> Data

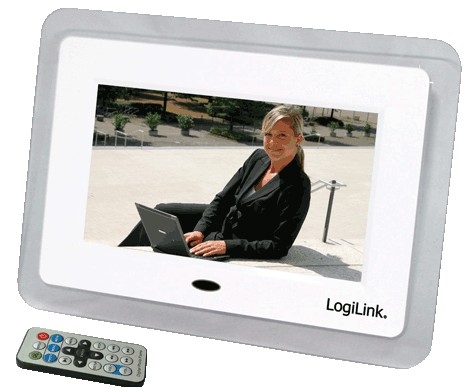LogiLink Digital 7 Inch LCD Photo Frame. Display diagonal: 17.8 cm (7"), Display resolution: 480 x 234 pixels, Display: LCD. Video formats supported: AVI, Audio formats supported: MP3,WMA. Compatible memory cards: MMC,SD,SDHC. Photo edit: Rotate. Power source type: AC
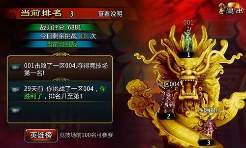完成70级主线任务后,每个服务器竞技场前100名玩家皆可参加跨服英雄榜挑战。当日统计英雄总排名,在英雄榜单前100名的玩家可继续参加第二天的挑战。英雄榜奖励是龙纹令与真元丹,可打通各路经脉、大幅提高属性实力,是一次使用终生享受的好奖品,前100名皆能领取!新服玩家无需担心与老服玩家的战斗力差距,系统默认每4-5个服为一个赛区,以赛区为单位安排战斗与统计总分。
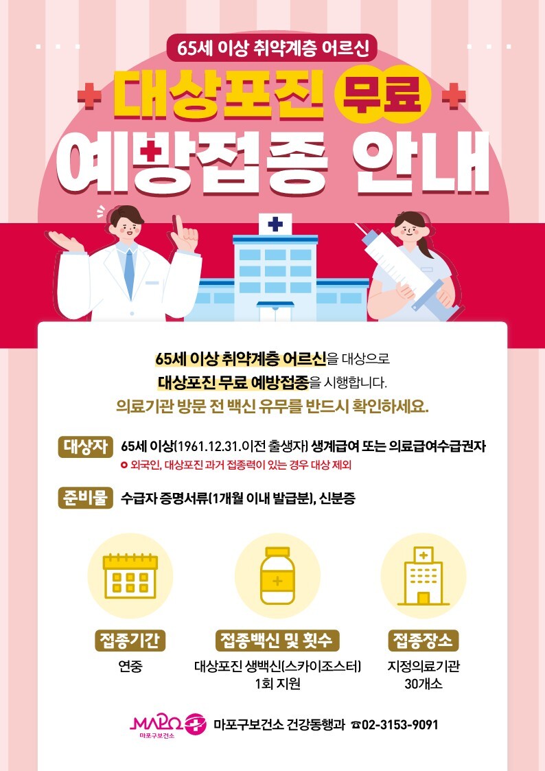 [HBN뉴스 = 정재진 기자] 마포구(구청장 박강수)는 지역 내 65세 이상 생계‧의료수급자 어르신을 대상으로 대상포진 무료 예방접종을 연중 시행한다.
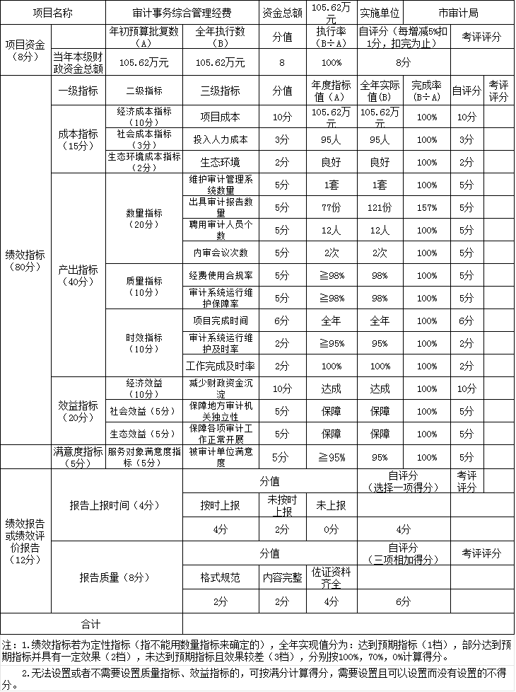 (2)质量指标:保障各项职能工作正常运转,审计程序合规、完整,市政府考核等级良好。
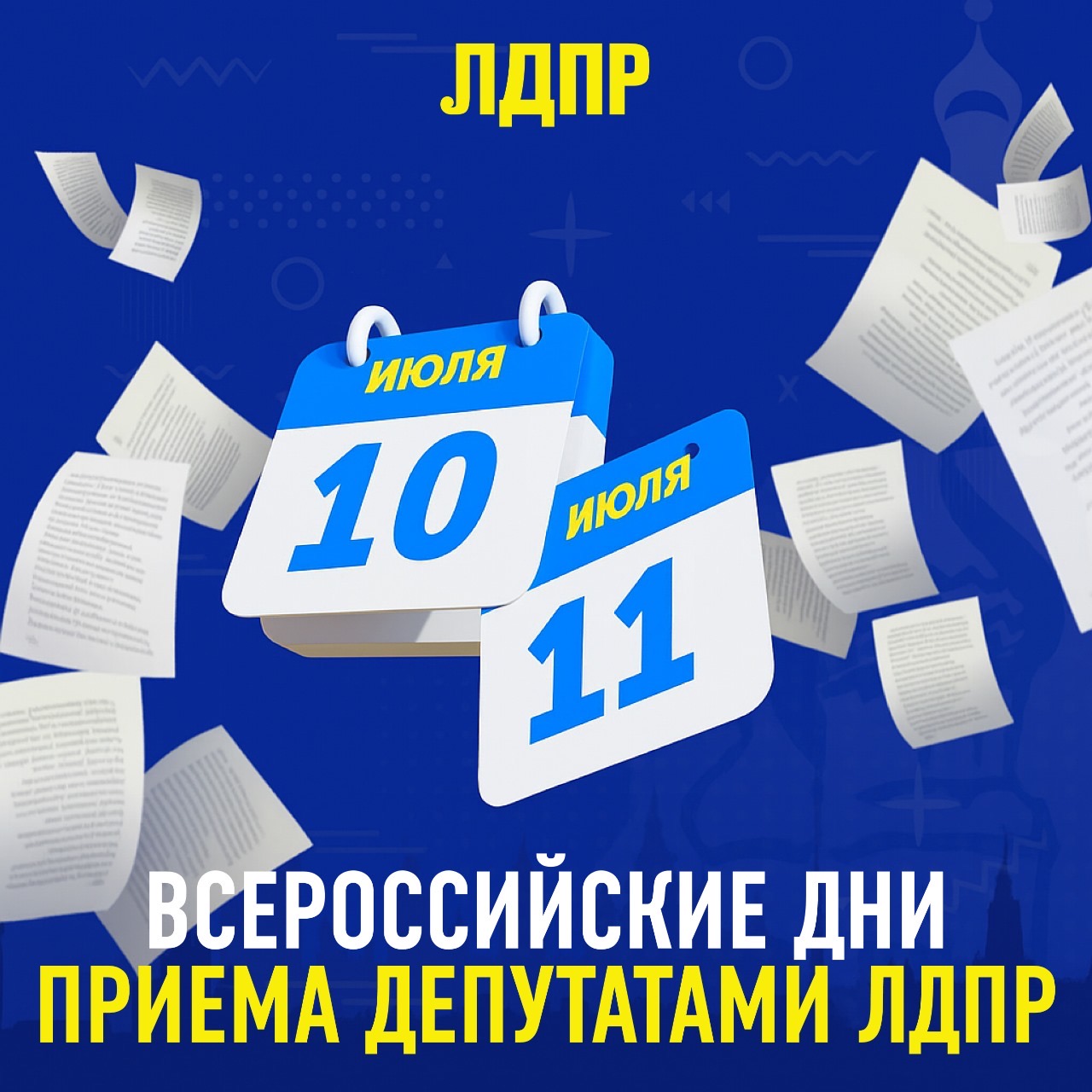 Приглашаем вас к нам 10-11 июля 2025 года. Депутаты ЛДПР проведут очередной Всероссийский приём граждан.
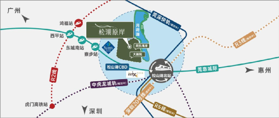轨道交通:项目背靠5轨(R3线、莞惠城轨、莞深快轨、中虎龙城际、深圳13号线北延长线)交汇的松山湖北站,华侨城松湖原岸距离松山湖北站约800米,松山湖北站为松山湖重要交通枢纽,与深圳、广州、惠州等地无缝衔接,比肩深圳北站。
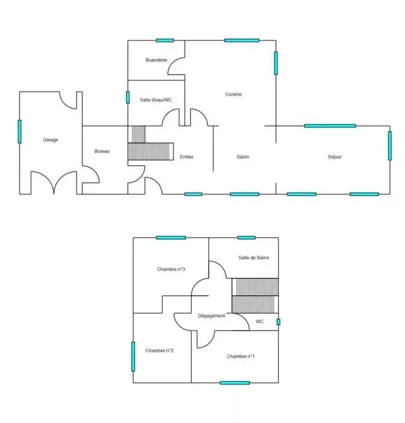 Al piano superiore, un disimpegno distribuisce 3 camere (9,57 m², 10,60 m², 13 m²) ciascuna con un’orientazione e una vista piacevole diversa, un bagno (5 m²) e un WC separato (1,54 m²).
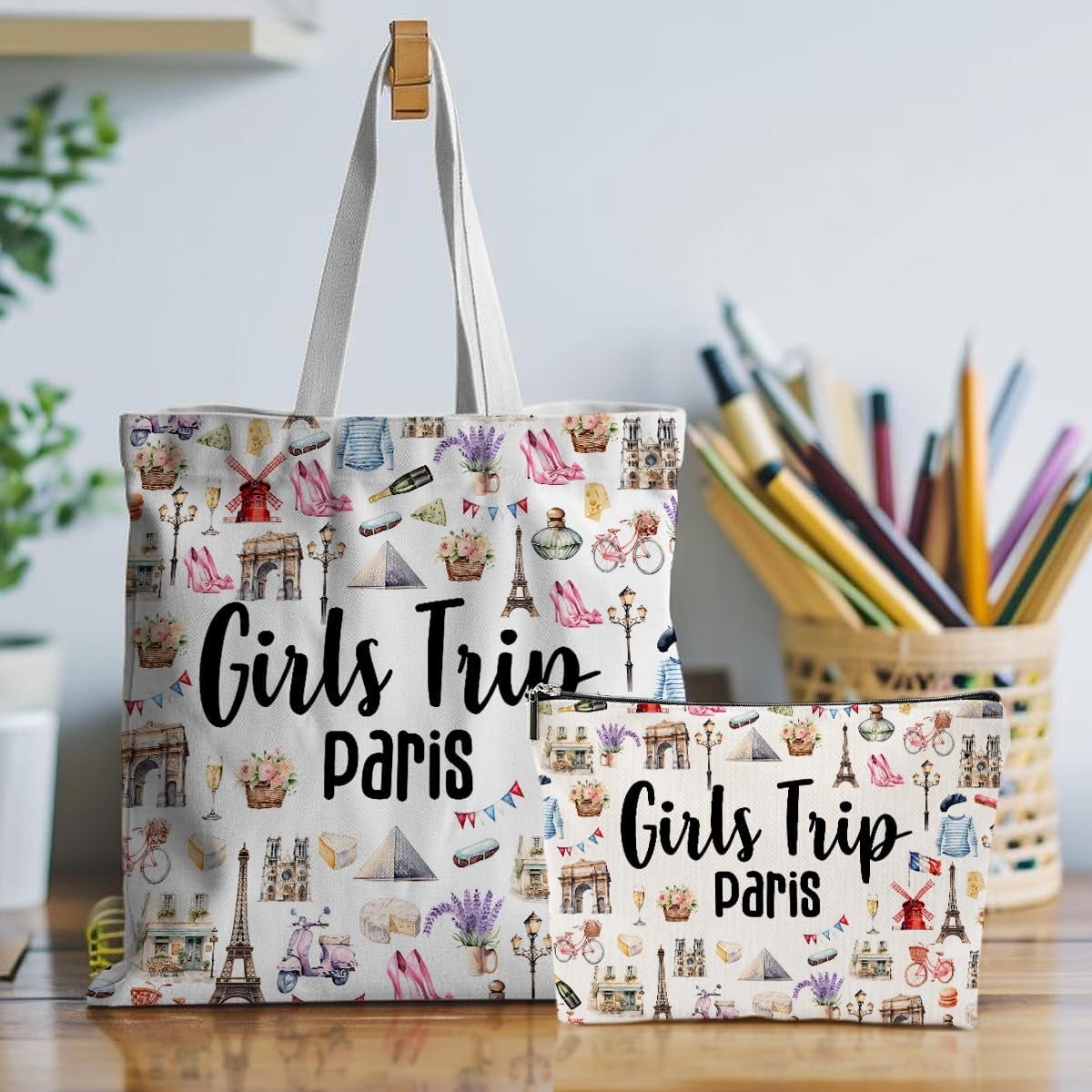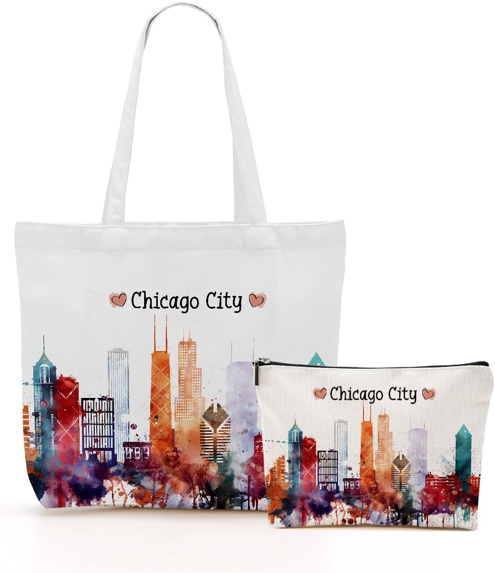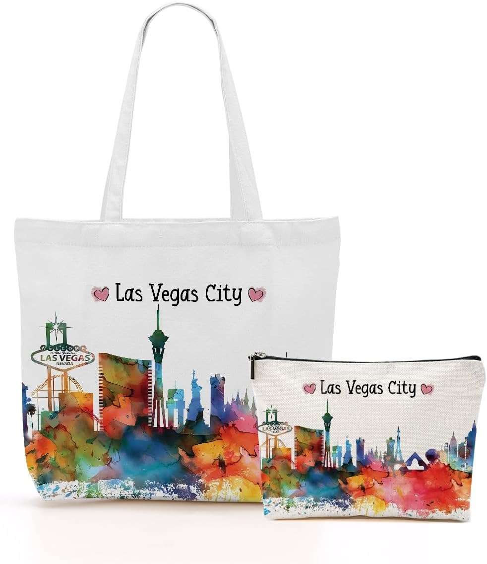 / jeilink Las Vegas New York Chicago Paris Canvas Tote Bag Makeup Bag Set for Work Shopping Travel Birthday Christmas
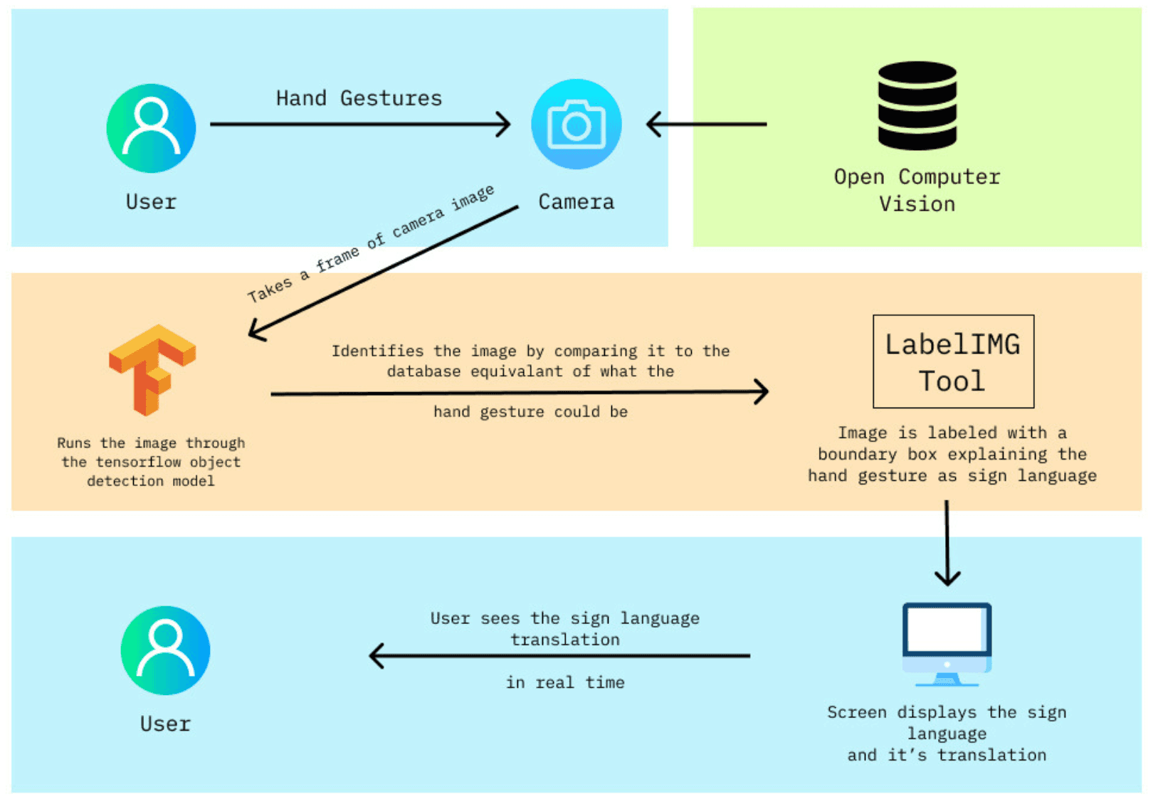 For the prototype, we decided to code for specific words - Hello, Yes, No, Thank you & I love you.
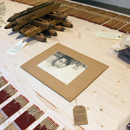 En “de Navegación y Catalogación” el Col·lectiu Puntes, se apropia de “Vela de diosas”, una obra del año 1995 y navega sin complejos por un mar de oleadas de reciclaje, descodificando y pervirtiendo su sentido inicial, y donde elementos personales y antiguos serán también rescatados, envasados al vacío y catalogados conjuntamente, en un juego entre el caos y la entropía.
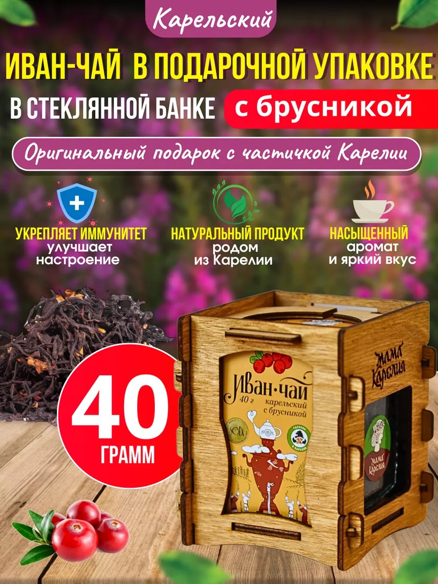 Мама Карелия Иван-чай карельский с брусникой в деревянной шкатулке, 40г
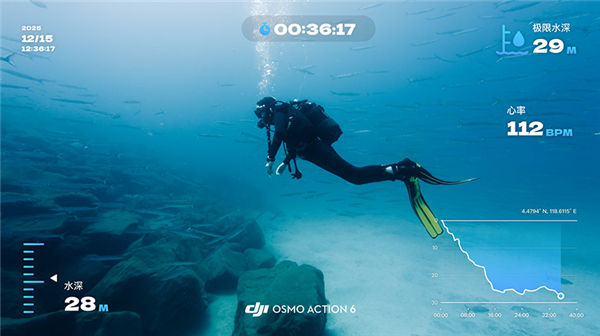 针对潜水爱好者,仪表盘新添了“水深曲线”和“极限水深仪表”两项功能,不管是平面视频还是全景视频都能添加。导入带有水深数据的素材后,就能直观呈现深潜的轨迹、最大水深等信息,还可以搭配心率、经纬度之类的数据。
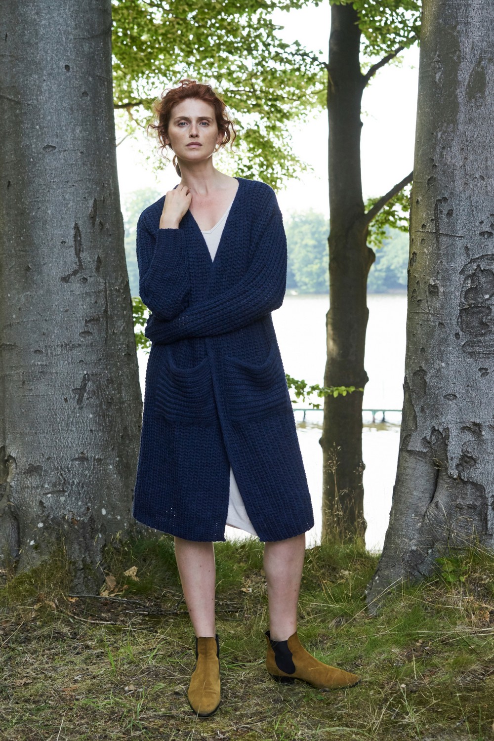 Wełniany, długi kardigan z kieszeniami, granatowy BIENKOVSKA
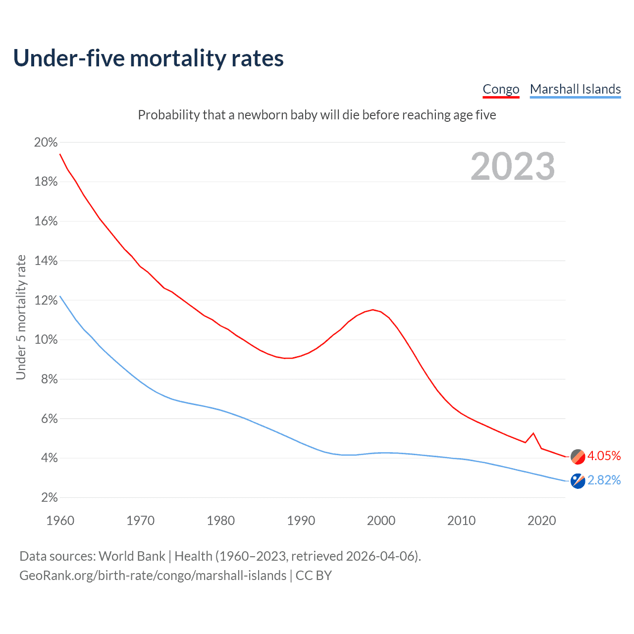The chance that a newborn baby will die before reaching age five is 4.05% in the Congo and 2.82% in the Marshall Islands. Above is a chart with historical data on under-five mortality rates.
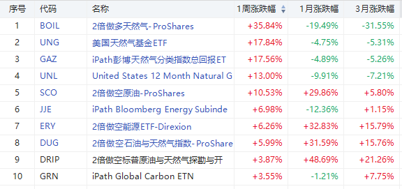 能源ETF方面,本周涨幅第一的仍然是2倍做多天然气-ProShares $BOIL ,一周大涨35.84%。

> What is expected
Using the data above, retype exactly and only the lines from the one containing "轨道交通:项目背靠5轨(R3" up to and including the one containing "For the prototype, we", with no pictures carried over.

> Response area
轨道交通:项目背靠5轨(R3线、莞惠城轨、莞深快轨、中虎龙城际、深圳13号线北延长线)交汇的松山湖北站,华侨城松湖原岸距离松山湖北站约800米,松山湖北站为松山湖重要交通枢纽,与深圳、广州、惠州等地无缝衔接,比肩深圳北站。
 Al piano superiore, un disimpegno distribuisce 3 camere (9,57 m², 10,60 m², 13 m²) ciascuna con un’orientazione e una vista piacevole diversa, un bagno (5 m²) e un WC separato (1,54 m²).
 / jeilink Las Vegas New York Chicago Paris Canvas Tote Bag Makeup Bag Set for Work Shopping Travel Birthday Christmas
 For the prototype, we decided to code for specific words - Hello, Yes, No, Thank you & I love you.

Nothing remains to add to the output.